MDPs are particularly well-suited to this problem due to their ability to handle decision-making problems where the outcomes depend on both the agent's actions and the random nature of the environment. Reinforcement learning, in turn, allows the agent to adjust its strategy based on the rewards it receives for each action, encouraging faster and more efficient learning.

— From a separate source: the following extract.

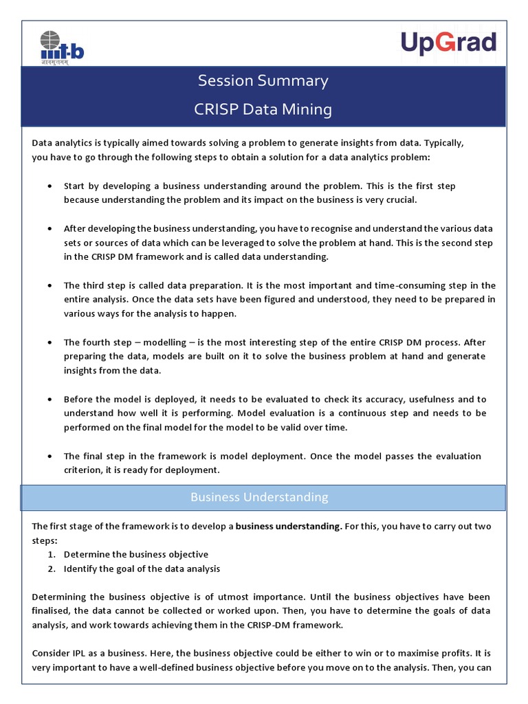 is that CRISP-DM is an iterative process. For example, your data understanding can enhance your business

Furthermore, by integrating this model with OpenAI Gym, we enhance the environment's flexibility, allowing the reinforcement learning agent to experiment, learn, and be evaluated in a standardized platform that supports a wide range of RL algorithms. This enables the Tic-Tac-Toe agent to continuously improve its strategy, paving the way for more complex and dynamic learning environments in the future.

Ultimately, this project demonstrates the power of MDPs and reinforcement learning in solving structured decision-making problems, such as Tic-Tac-Toe, and highlights their applicability in broader real-world applications, such as robotics, game playing, and automated decision-making systems.